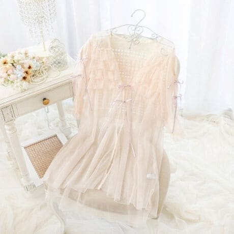 優雅なアンティークの壁紙を思わせる、繊細で上品なシリーズです。身生地全体にふんだんにチュールをあしらうことで、華やかさを演出しました。袖にはカッティングを入れて、抜け感を生み出し優雅なシルエットに。さらにシャーリング仕様をほどこして、ふんわりと立体感のある繊細な印象に仕上がりました。フロント部分と袖には結べるタイプのサテンリボンをプラス。裾にはラウンドカットをほどこしました。ワンカラーのデザインのため、他シリーズとも組み合わせてコーディネートをお楽しみいただけます。フラワーガーデンを訪れたような、お花にそっと包み込まれる可憐なコレクションです。
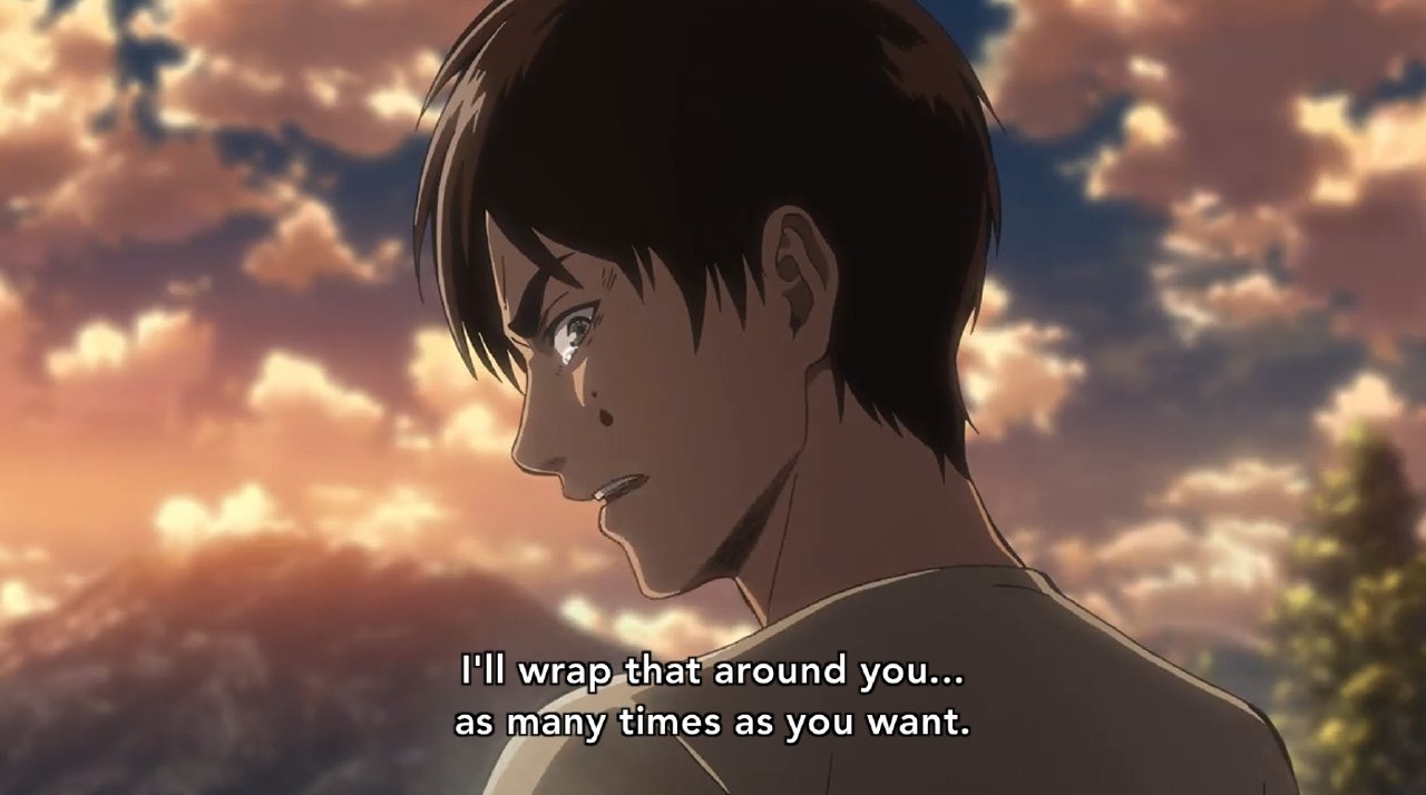 در اینجا میکاسا این انتخاب رو داشت عهدی که ارن باهاش بسته بود رو رها کنه، اینجا مشخصه ارن وقتی به میکاسا میگه شالش رو بندازه دور اشاره به اون عهدی داره که ارن میگه : "هر چقدر میخوای شالو برات میپیچونم تا ابد" ارن قول داده بود همیشه انجام میده . اما جواب میکاسا چی بود ؟ نه متاسفم نمیتونم
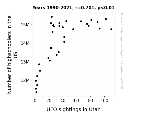 This means 49.2% of the change in the one variable (i.e., UFO sightings in Utah) is predictable based on the change in the other (i.e., Number of highschoolers in the US) over the 32 years from 1990 through 2021.
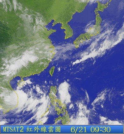 昨天(20日)是偏悶熱的天氣型態,白天高溫也有34度以上,嘉義觀測站甚至有36.3高溫,中央氣象局表示,「今天(21日)天氣與昨天相似,西半部地區白天高溫可以達到34至36度,風力較弱會更悶熱」,也要留意午後雷陣雨;目前在南海的熱帶性低氣壓,有機會發展為今年第一個颱風「鯨魚」。
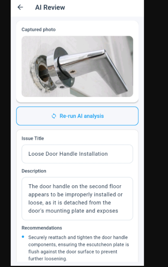 The Aidenn Inspect app will help you capture images, notes, and inspection findings quickly, with AI-supported descriptions and recommendations where relevant.
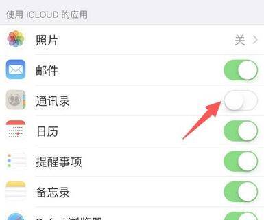 5、在iCloud页面列表中查看一下通讯录是否为开启状态,如果未打开的话,请将iCloud通讯录开启一下,这样Apple ID账号上面的通讯录就会自动恢复至iPhone手机里面。
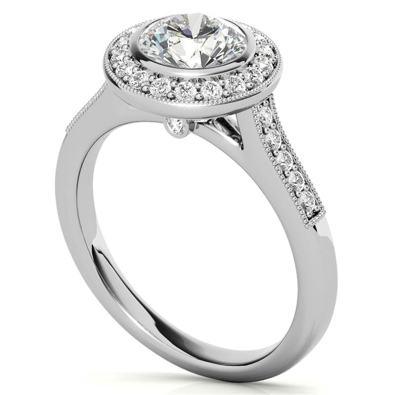 This beautiful Legacy style lab grown diamond halo ring features a bezel set round brilliant lab grown diamond center stone and 0.35ct - 0.40ct of round brilliant lab grown diamond side stones pave set in a substantial 14k gold, 18k gold or platinum setting.
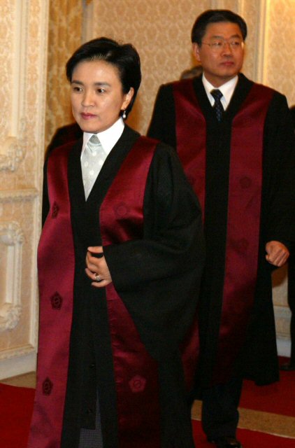 강금실 법무부장관이 1일 오전 과천종합청사 강당에서 열린 검사임관식에 참석, 김종빈 대검차장 등 간부들과 함께 식장에 입장하고 있다.(서울=연합뉴스)
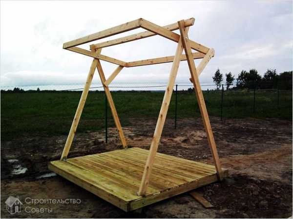 Само сооружение устанавливается непосредственно в грунт. Достаточно выкопать яму до 80 см глубины. На дне делаете подушку из щебня на 20 см, вставляете стойки и заливаете их бетоном. Чтобы предотвратить гниение деревянных стоек в бетоне, их можно изолировать или обработать специальным средством против гниения.
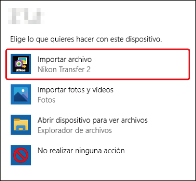 Si aparece un mensaje solicitándole elegir un programa, seleccione Nikon Transfer 2.

● ● ● ● ●

Leave out the pictures and repeat the lines from the start of the material through the line with "昨天(20日)是偏悶熱的天氣", inclusive.

 優雅なアンティークの壁紙を思わせる、繊細で上品なシリーズです。身生地全体にふんだんにチュールをあしらうことで、華やかさを演出しました。袖にはカッティングを入れて、抜け感を生み出し優雅なシルエットに。さらにシャーリング仕様をほどこして、ふんわりと立体感のある繊細な印象に仕上がりました。フロント部分と袖には結べるタイプのサテンリボンをプラス。裾にはラウンドカットをほどこしました。ワンカラーのデザインのため、他シリーズとも組み合わせてコーディネートをお楽しみいただけます。フラワーガーデンを訪れたような、お花にそっと包み込まれる可憐なコレクションです。
 در اینجا میکاسا این انتخاب رو داشت عهدی که ارن باهاش بسته بود رو رها کنه، اینجا مشخصه ارن وقتی به میکاسا میگه شالش رو بندازه دور اشاره به اون عهدی داره که ارن میگه : "هر چقدر میخوای شالو برات میپیچونم تا ابد" ارن قول داده بود همیشه انجام میده . اما جواب میکاسا چی بود ؟ نه متاسفم نمیتونم
 This means 49.2% of the change in the one variable (i.e., UFO sightings in Utah) is predictable based on the change in the other (i.e., Number of highschoolers in the US) over the 32 years from 1990 through 2021.
 昨天(20日)是偏悶熱的天氣型態,白天高溫也有34度以上,嘉義觀測站甚至有36.3高溫,中央氣象局表示,「今天(21日)天氣與昨天相似,西半部地區白天高溫可以達到34至36度,風力較弱會更悶熱」,也要留意午後雷陣雨;目前在南海的熱帶性低氣壓,有機會發展為今年第一個颱風「鯨魚」。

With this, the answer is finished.